Page 114 of Iris' Lying Eyes

He nudges me with his toes. Although the bitter taste of bile races up my throat, I kiss his fucking shoes. This is me, Iris O’Malley, fucking slave, fucking whore, fucking nothing.

“You thought you could stay. But it’s okay. You’re back now, my pet. You’re back,” he croons, stroking my hair.

Goosebumps fly across my skin, and I shiver, swallowing convulsively to bite back the saliva filling my mouth. But it’s no use, and I bow my head, retching painfully.

He sighs and I close my eyes, blocking out his disappointed blue fucking gaze. This is not going to go over well, dammit.

“Sometimes…” he grumbles, stepping back, and I suppress a flinch when he wipes his shoe on my back. Fucker.

“You’ll accept your punishment. And then I think it’s time we moved on.”

Moved on? What the fuck does that mean?

When I don’t respond, he grabs my hair and pulls me around. “Come.”

My knees sting under the rocky terrain as I’m forced to crawl through the brush, and I grit my teeth. Could I have done anything differently? Or is this where we’ve been heading all along?

I know exactly where we’re going. The pit. I fucking hate it. I’d rather be whipped than left in the hole where so many others have met their end. As far as psychological torture goes, John sure knows what he’s doing.
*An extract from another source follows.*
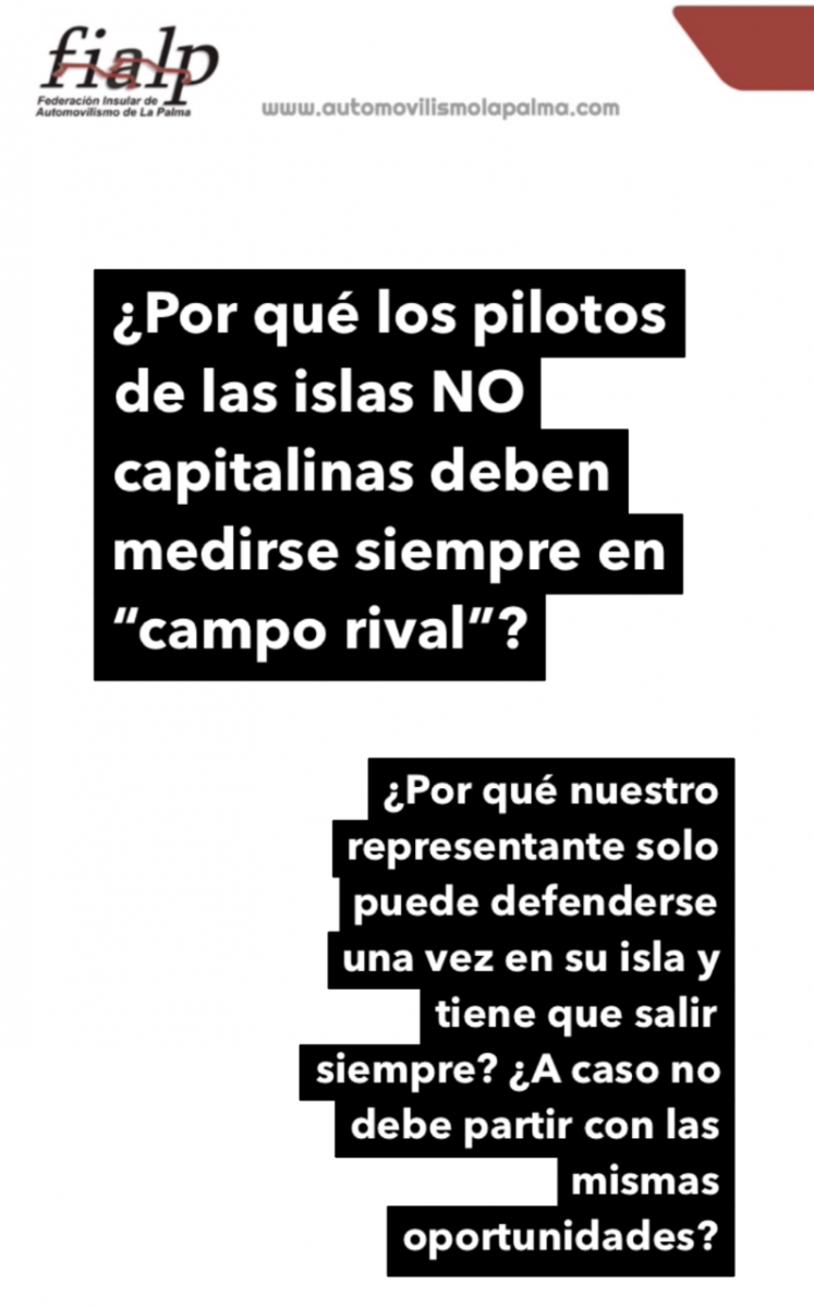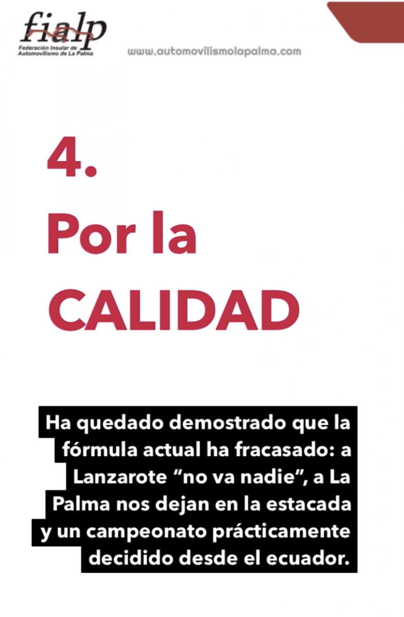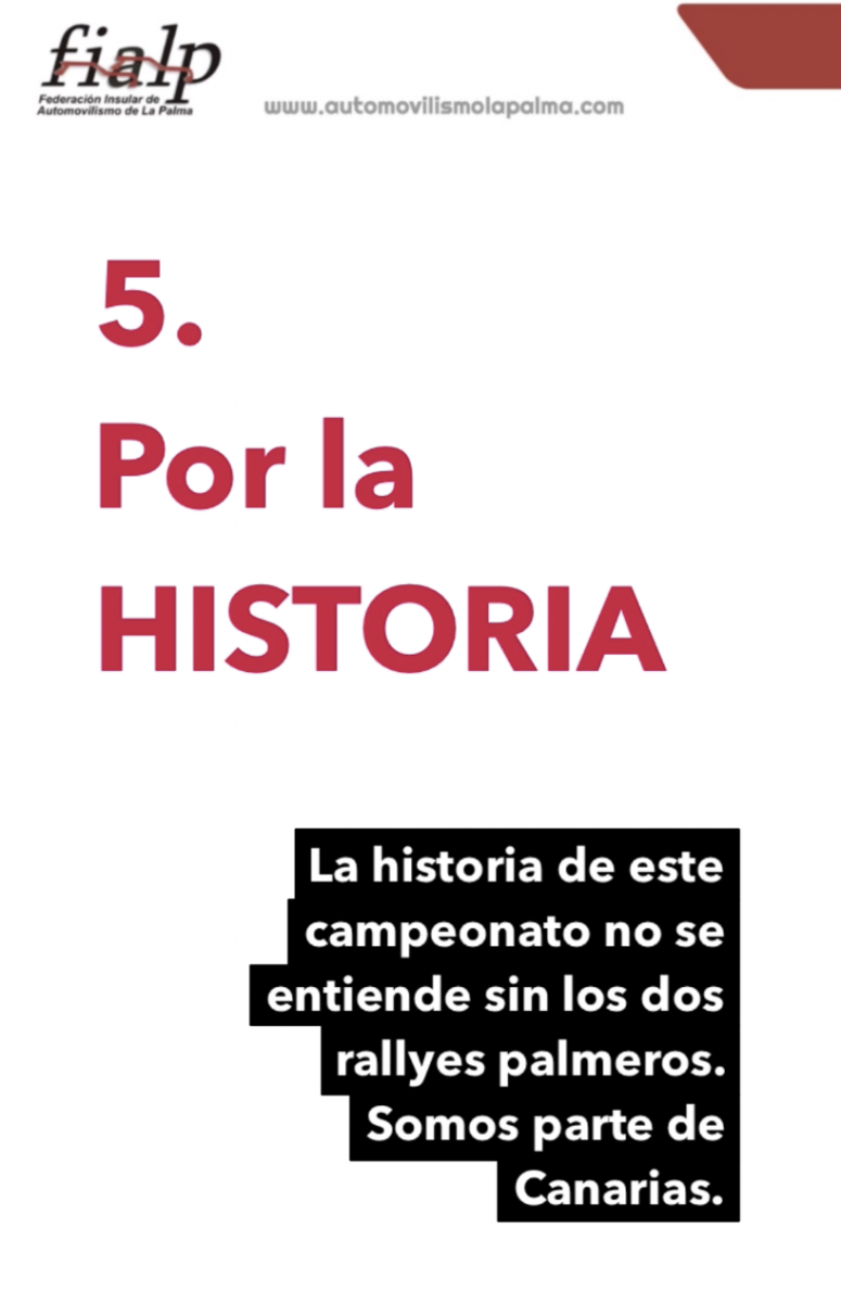 El quinto punto habla de la historia, argumentando que “la historia de este deporte no se entiende sin los dos rallys palmeros, afirmando: «Somos parte de Canarias».

When we stop at the edge, I peer into the dirt. Thankfully, it’s clear this time. The last time—no, I can’t go there. The rotting, fetid stench. The sightless eyes.

Shuddering, I bite my tongue when he strokes my hair. “It’s for your own good. Hm? Bad girls get punished.”

I don’t have time to respond before he’s shoved me by my head. I tumble into the hole and land with a thud, eating dirt at the bottom.

He may have this power over me, but I refuse to give him the satisfaction of a response and instead curl into a ball, closing my eyes.

John makes a weird sound in his throat before saying, “Don’t forget, I’m the master of your universe. If you ever think of staying away again, this will be you.”

I flinch when something lands beside me and move away, turning my head to the wall. Of course, it’s not just time in the hole. I should have known better.

I’ve committed the ultimate sin. I dreamt of a new life free of him. He’ll never be able to forget it, knowing I was free and chose to fucking stay.

I don’t know how much time passes, but the sun is far up in the sky when I can finally take it no more, and I turn my head. The tiny bones lie at an awkward angle. Nothing remains but tufts of dark hair and the moldering remnants of fabric once covered in bright yellow ducks and green turtles.

Doesn’t matter. I know exactly what I’m looking at. The air in my lungs seizes, and I open my mouth to scream, but nothing emerges.

I failed. I failed him.

My head spins, and I close my eyes as something cracks in my chest before falling away into nothing. It’s always been my curse.

I ruin things. Me.

And I fucking hate myself for it.

Chapter Twenty-Four

John leaves me in the hole for a day. I only know because I see the sun rise into the sky and descend before he appears.

During that time, I stare into nothing. My head is fuzzy, my mouth dry. But more than anything, whatever was pushing in my veins, pushing me to keep going, it’s gone.

So, when John stands over the pit and looks down at me with his pale eyes, I stare back blankly. I don’t care what he does. I don’t care what’s next. Live. Die. Exist in this hole for an eternity. It’s meaningless.

“Come, you need your medicine, hm?”

When I don’t move, he tuts, leaning over the hole and tossing a rope inside. “Let’s go.”

I hear him, but it’s thick and distorted, like he’s speaking through a toy. When I merely blink, his mouth tightens. “Grab the rope, Iris.”